I'm in Heaven! Thanks for providing this valuable information.
Brett Holman
Post authorYou're welcome. Sorry you had problems with the PDF (it downloads okay for me) but I'm glad you were able to find a workaround!
Jenny Sloggett
Thank you for making these article available. I look forward to the Next War in the Air. I am a PhD student with the University of Newcastle and my topic involves civil and military defence preparations in south-eastern Australia from 1935 to 1945 (NSW, Qld, Vic), particularly the involvement of state and local governments. The impact of the British example and British instructions for defence planning cannot be overestimated.
Whilst I was in Melbourne last April for the 1942 Shadow of the War conference, I picked up a copy of At Home and Under Fire: air raids and culture in Britain from the Great War to the Blitz by Susan R Grayzel (Cambridge University Press, 2012). It make a useful supplement to Terence O'Brien's volume of the official history on civil defence in Great Britain because of its focus on popular literature and use of letters and diaries as sources.
Brett Holman
Post authorThat's a great topic. I read Kate Darian-Smith's book on Melbourne during the war a while back; Richard Waterhouse is also doing some interesting work on the panic in Australia after the fall of Singapore (which I mentioned here). I'd love to know more.

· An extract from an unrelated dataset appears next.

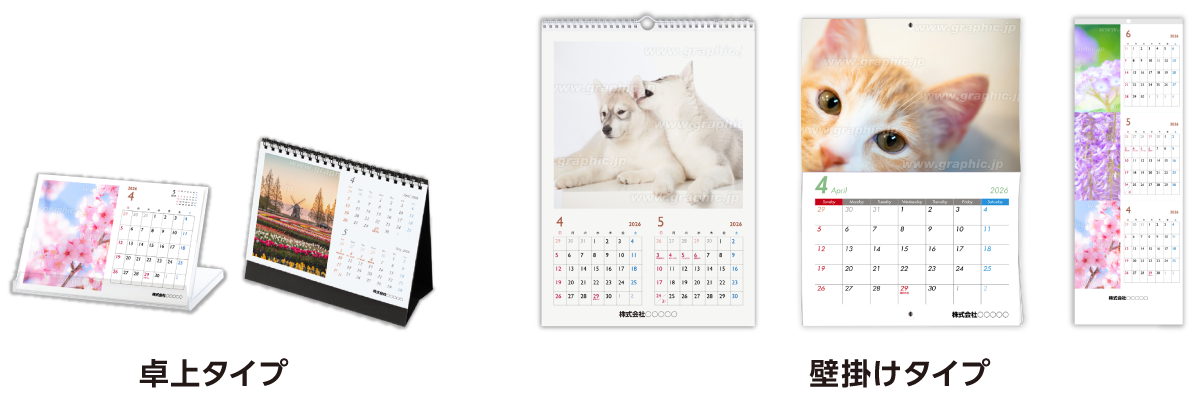 ノベルティや粗品として最適な、卓上カレンダーやポストカードサイズカレンダーなどのコンパクトなものから、写真を大きくレイアウトでき、プレゼントや記念品としておすすめな、中綴じカレンダーやハンガーカレンダーなど、ご利用用途に合わせてお好みのカレンダーをお選びください。

I'm actually writing a review of Grayzel's book for a journal at the moment, or not writing as the case may be…
Christopher
What the article says about the psychological aspects of the scare is fascinating. It might be worthwhile to explore if this links to the paranoia about empire and the threats to the latter.
Brett Holman
Post authorInteresting idea. Of course the danger to the Empire was always implicit in the question of the Navy, and sometimes explicit (particularly in the colonies themselves), but I can't think of any real imperial dimension to the airship panic. It was very much focused on the security of the British Isles themselves. Something to look out for, though -- thanks.
Gary Ball
Thanks for this, a great resource as I am researching airships over Wales as part of a centenary project.
http://www.projectzerohistorymatters.blogspot.co.uk and was not aware of the extent of the scare ship stories.
Brett Holman
Post authorGlad you've found something useful here. South Wales was an epicentre of phantom airship sightings in both 1909 and 1913. It's hard to imagine that E. T. Willows isn't connected somehow, though it seems clear he wasn't actually present at the time, so I suspect inspiration more than anything else.